In a move to prevent the circular flow of money between mutual funds and banks, the RBI, in its recent monetary policy, asked banks not to hold more than 10 per cent of their net worth in liquid mutual funds.

Indian scheduled banks had a combined net worth of nearly Rs 5 lakh crore, based on a rough calculation extrapolating the data for listed banks. RBI data show that these banks held Rs 1.18 lakh crore in liquid funds as of April-end.

Given that the RBI caps the investment in liquid funds at Rs 50,000 crore (10 per cent of net worth), this suggests excess investment of Rs 68,000 crore in liquid funds.

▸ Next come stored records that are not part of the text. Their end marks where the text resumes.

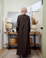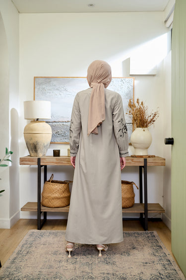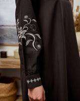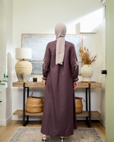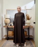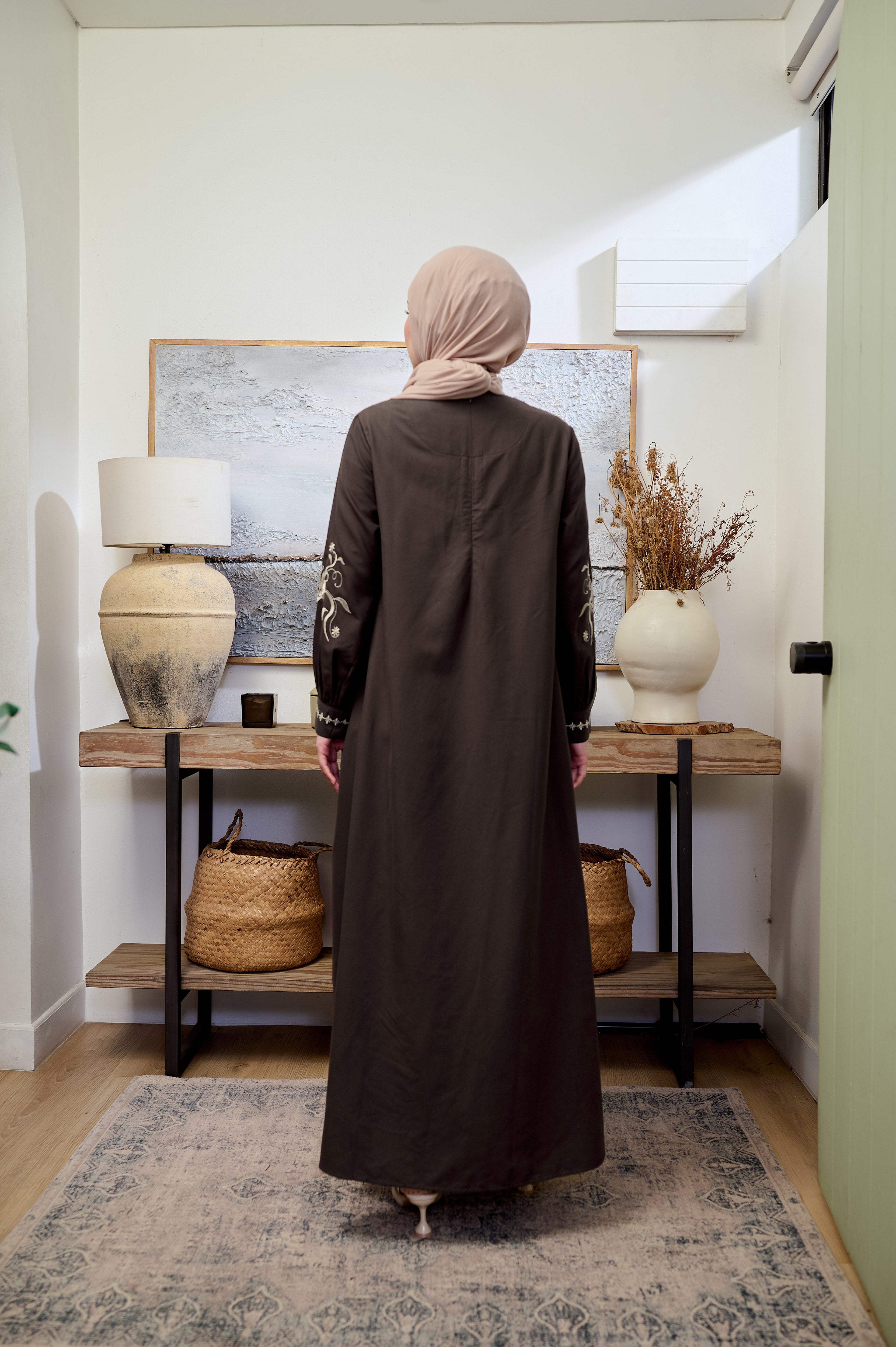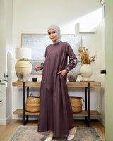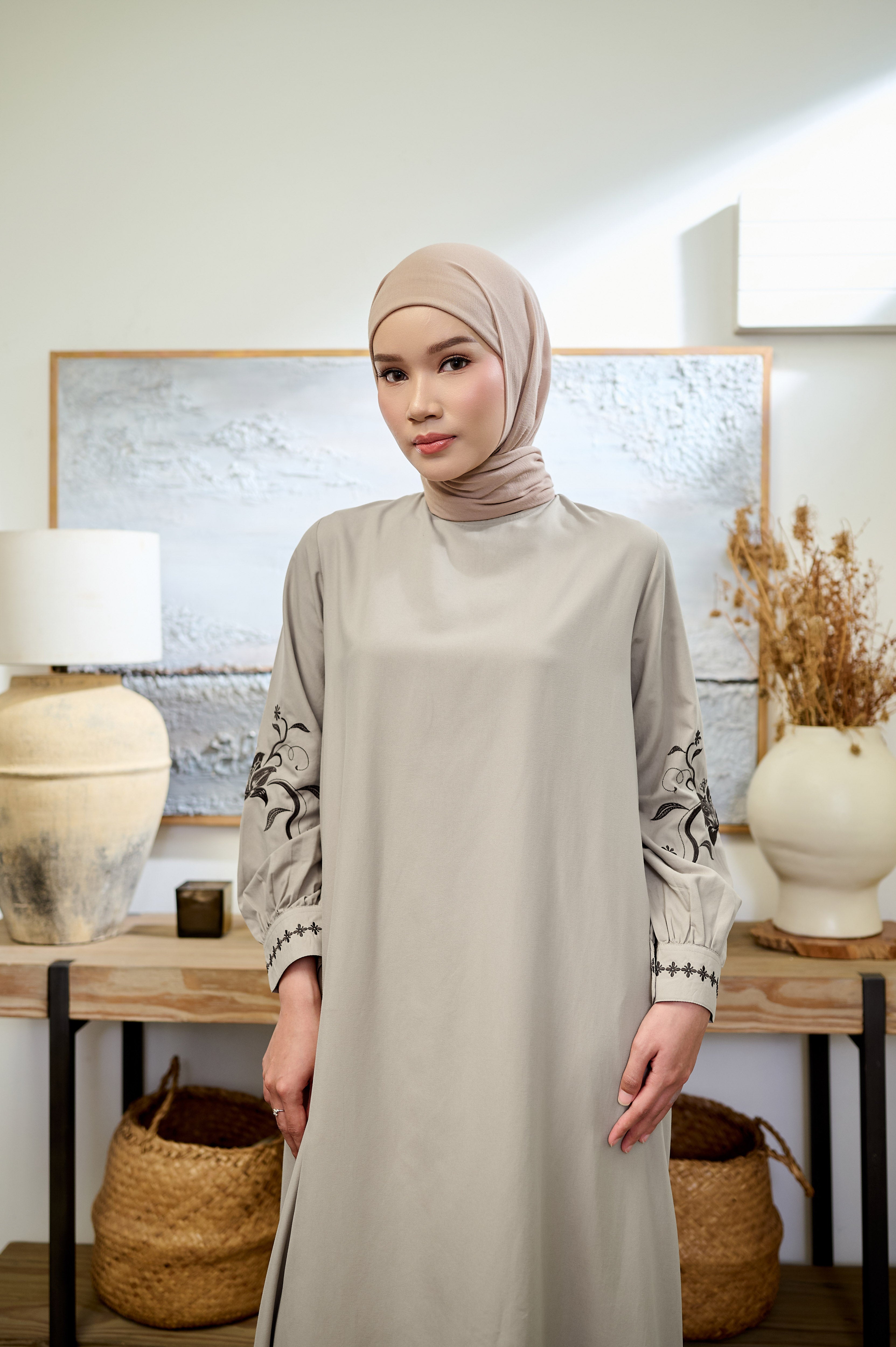 Detail bordir halus pada bagian lengan menambahkan sentuhan manis dan elegan, dipadukan dengan gaya lengan manset dan leher kerah bulat yang memberi kesan klasik dan feminin. Cocok dikenakan untuk berbagai acara formal maupun semi formal, dari pertemuan keluarga hingga acara spesial lainnya.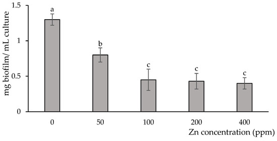 The biofilm produced by B. subtilis in a liquid medium with no Zn addition showed a well-defined and structured architecture, which was built up at the Erlenmeyer air/liquid interface (Figures S1 and S2, Supplementary Materials). Without Zn, the biofilm yield was 1.35 mg biofilm/mL of culture on a dry weight basis (Figure 2). However, biofilms produced in the presence of Zn accumulated at the bottom of the Erlenmeyer flask showed more disorganized structures compared to the control treatment. Moreover, the higher the metal concentration in the liquid media, the lower the amount of biofilm produced. Thus, at 50 ppm Zn, the biofilm amount decreased by about 50% relative to the control, while at 100, 200, and 400 ppm Zn, reductions of about 70% were recorded (Figure 2).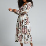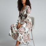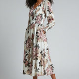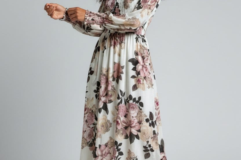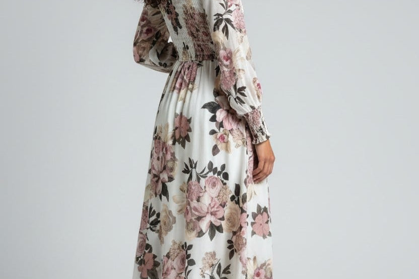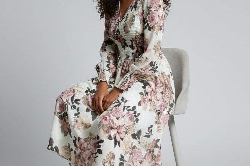 Soft romance meets effortless elegance in the Rosa Luxe Dress Dress. Crafted in a dreamy cream base with oversized rose-toned florals, this midi brings a fresh yet timeless feel to any moment. The smocked bodice adds a flattering, comfortable fit, while the flowy skirt drapes with graceful movement. Long sleeves with gathered cuffs add a refined touch, making it perfect for brunch dates, garden parties, or any day you want to feel beautifully put-together without trying too hard.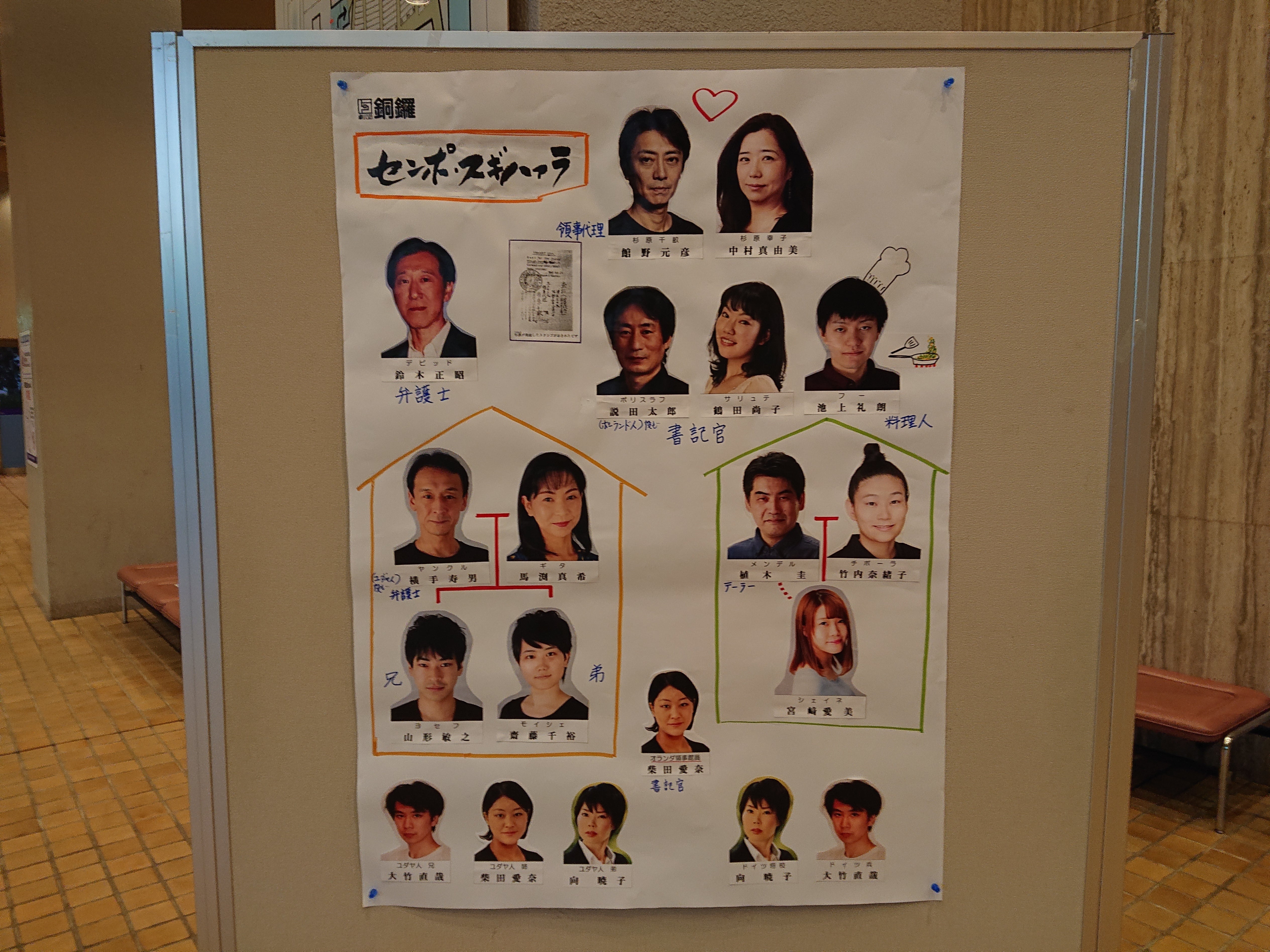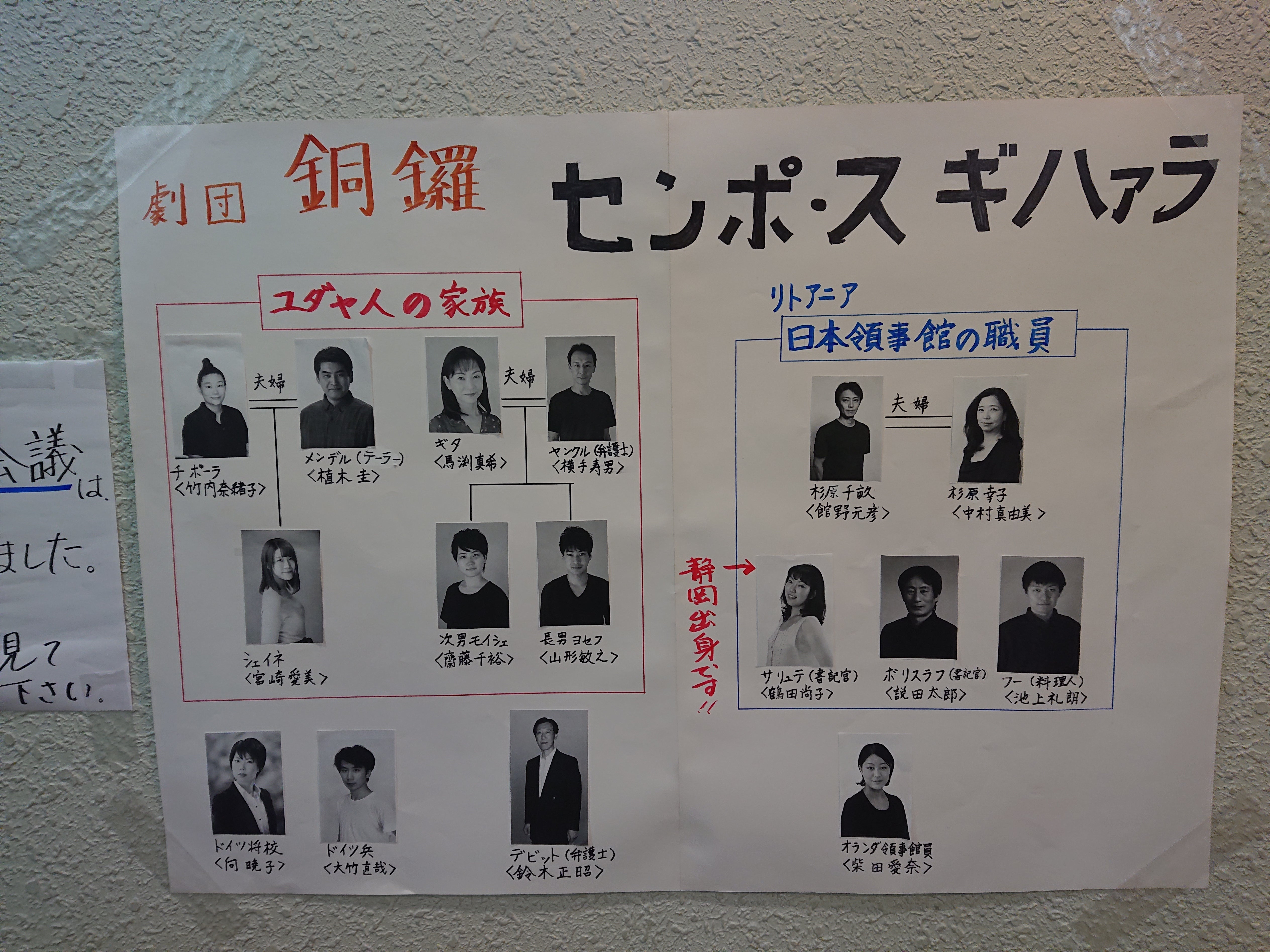 2020/12/05 22:50『センポ・スギハァラ』静岡ブロック例会続いております!12月2日・3日は【静岡市民劇場】さんでの公演でした。各地方で作成して頂いている【相関図】今回はカラーでした!千畝と幸子のハートマークが素敵です。料理人フーにもコックの帽子が(笑)この例会に対する愛が溢れる相関図でした。まだまだ旅は続きます! もっと見る君の街まで

Redemptions of this size may significantly dent liquid funds as a category. According to the latest data from the mutual funds' body, liquid funds manage total assets of Rs 2.2 lakh crore. The banks' excess investments amount to almost a third of this.

Blow to the category

Sources in the fund industry confirmed that this will deal a severe blow to the debt fund category, as banks were a source of “easy money” to liquid funds. Eighty per cent of all banks are said to have used liquid funds to park surplus money. With banks unlikely to be a major source of assets, debt fund houses may also have to scout for other clients.

However, debt fund managers clarify that liquid funds will have no problem meeting the redemption requests, as the category has traditionally seen huge inflows and outflows. Over the last few months, these funds routinely saw both inflows and redemptions in excess of Rs 5,00,000 crore every month.

The RBI has cited the “circular flow of funds between banks and debt mutual funds” and the “systemic risk” this creates while making this decision to cap liquid fund investments by banks. While banks park money in liquid funds, they in turn redirect this money into certificates of deposit issued by banks. This, RBI fears, could lead to a liquidity risk for banks during a crunch situation.

As for banks, they may certainly lose out on an opportunity to earn a neat “arbitrage” return on liquid funds. Liquid schemes have generated returns of even up to 8.7 per cent a year in the past. This allowed banks to earn arbitrage profits by borrowing in repo window or the money market at lower rates and deploying this with liquid fund managers. This may not happen going forward.